The main Streptococcus species studied through monitoring programs were S. uberis and S. dysgalactiae isolated from bovine mastitis. S. agalactiae is also still considered a major streptococcal pathogen associated with bovine subclinical and mild to moderate clinical mastitis, but its incidence has drastically fallen in the past 20 years due to hygiene measures and guidelines for good practices. Consequently, S. agalactiae is now only rarely isolated from cattle mastitis, and the numbers are too small to be reliably reported. The evolution of antimicrobial resistance thus focuses on S. uberis and S. dysgalactiae. Here, we review data on resistance to the main antibiotics used in the treatment of animal infections due to S. uberis and S. dysgalactiae, i.e., penicillin G, tetracyclines, erythromycin, lincomycin, enrofloxacin, and streptomycin.

Evolution of Antimicrobial Resistance in the Netherlands

The Monitoring of Antimicrobial Resistance and Antibiotic Usage in Animals in the Netherlands program reported antimicrobial resistance data on streptococci isolates collected from milk in the context of intramammary infections, but the monitoring of these pathogens stopped in 2008. From 2002 to 2008, the overall prevalence of resistance was quite stable for most antibiotics, with a seemingly upward trend for a few (72). Resistance to beta-lactams (represented by penicillin G and cefalotin) was only detected in rare cases of S. uberis and was absent in S. dysgalactiae. The highest rates of resistance were for tetracyclines (around 40% for S. uberis and 70% for S. dysgalactiae) and lincomycin (also around 40% for S. uberis and 25% for S. dysgalactiae). The discrepancy between the prevalence of tetracycline resistance in S. dysgalactiae compared to S. uberis is in accordance with what has been reported in other monitoring programs (see below) and numerous studies (see “Prevalence of Resistance to Macrolides among Streptococci of Bovine Origin” below). Resistance to erythromycin (around 20% for S. uberis and 10% for S. dysgalactiae) was systematically lower than for lincomycin, suggesting a significant prevalence of non-erm-mediated mechanisms of resistance.
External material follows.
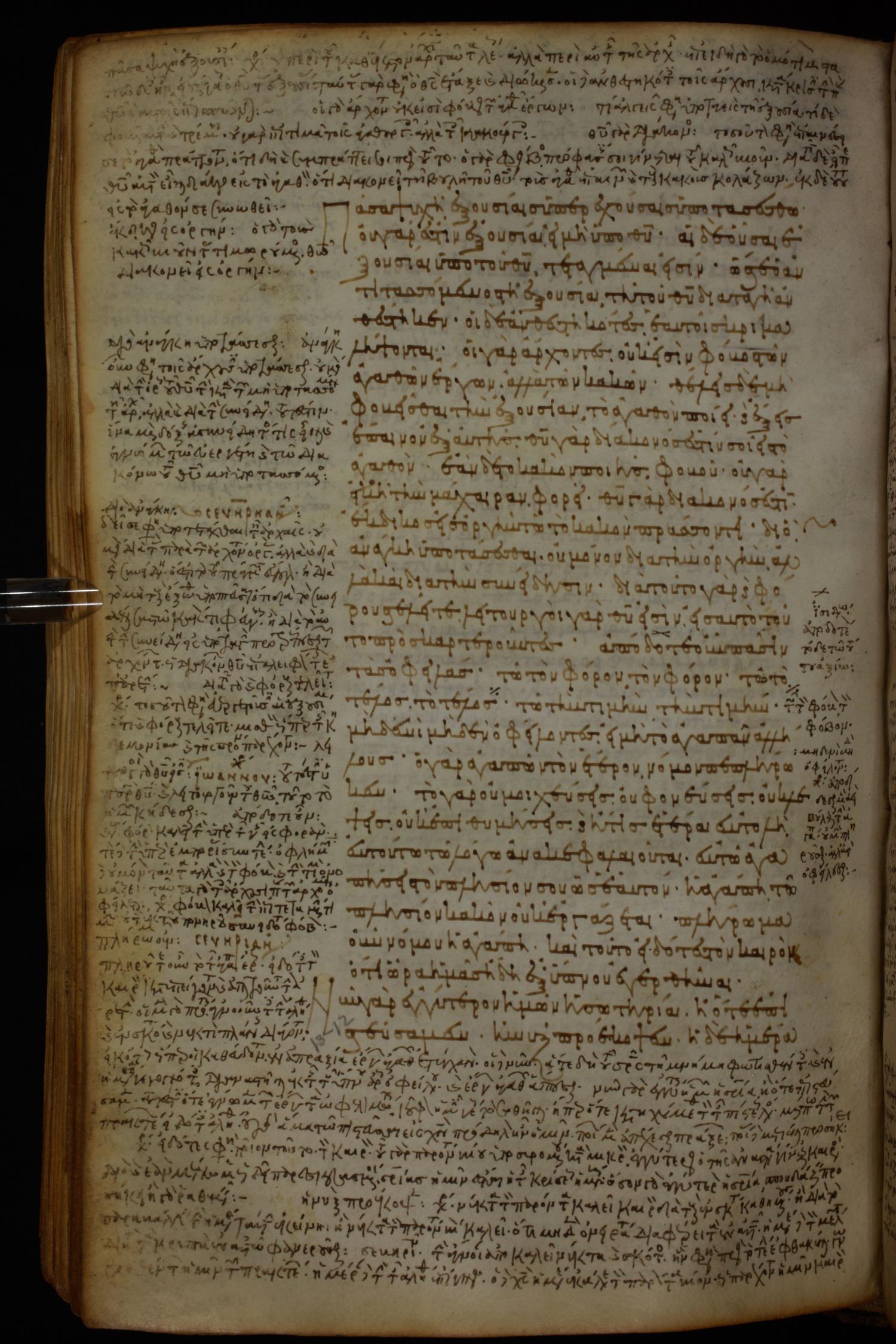 Ninth or tenth century minuscule of the Gospels, Apostolos, Paul, and Revelation (complete New Testament) with commentary on parchment; 337 leaves, single column, 29–33 lines per column.

RESAPATH, the Ongoing French Monitoring Program

RESAPATH is the only ongoing and long-term monitoring program for, among other topics, resistance to antimicrobials in streptococci in Europe. For S. uberis, from 2006 to 2015, antimicrobial resistance was tested on 600 to 1,500 isolates, depending on the nature of the antibiotics, and the global trend was quite stable for all antibiotics (Fig. 1). The highest prevalence of resistance was observed for enrofloxacin, which may be explained by the intrinsic low-level resistance of streptococci to fluoroquinolones. Indeed, in the RESAPATH network, resistance is defined as the addition of both resistant and intermediate phenotypes, which may lead to the over-estimation of the prevalence of resistance in the case of fluoroquinolones. For erythromycin and lincomycin, the resistance rates decreased from 24% to 17% between 2006 and 2007, were stable during next 6 years until 2013, and increased again in 2014 to 2015 up to around 22% of resistant isolates. Both curves matched perfectly, indicating a cross-resistance to macrolides-lincosamides involving erm genes (see “Resistance to Macrolides, Lincosamides, and Streptogramin B” below). Tetracycline resistance is following a very slow upward trend (from 14% in 2006 to 21% in 2015), to be confirmed in the coming years. Finally, streptomycin is the antibiotic presenting the lowest prevalence of resistance (from 11 to 16% over the 10-year period of 2006 to 2015), albeit the highest among resistance to aminoglycosides. Indeed, rates of resistance to kanamycin and gentamicin only reached 5% and 3%, respectively, in 2015. However, these resistances are of major importance since they may result in the loss of synergy between aminoglycosides and beta-lactams, which is a frequently used combination in veterinary practice. Taken together, these data show globally high basal levels of resistance of streptococci to antimicrobials in 2006 and a slight but increasing prevalence, which will have to be monitored in the near future.

FIGURE 1.

Ten-year evolution of resistance in France in (A) S. uberis and (B) S. dysgalactiae.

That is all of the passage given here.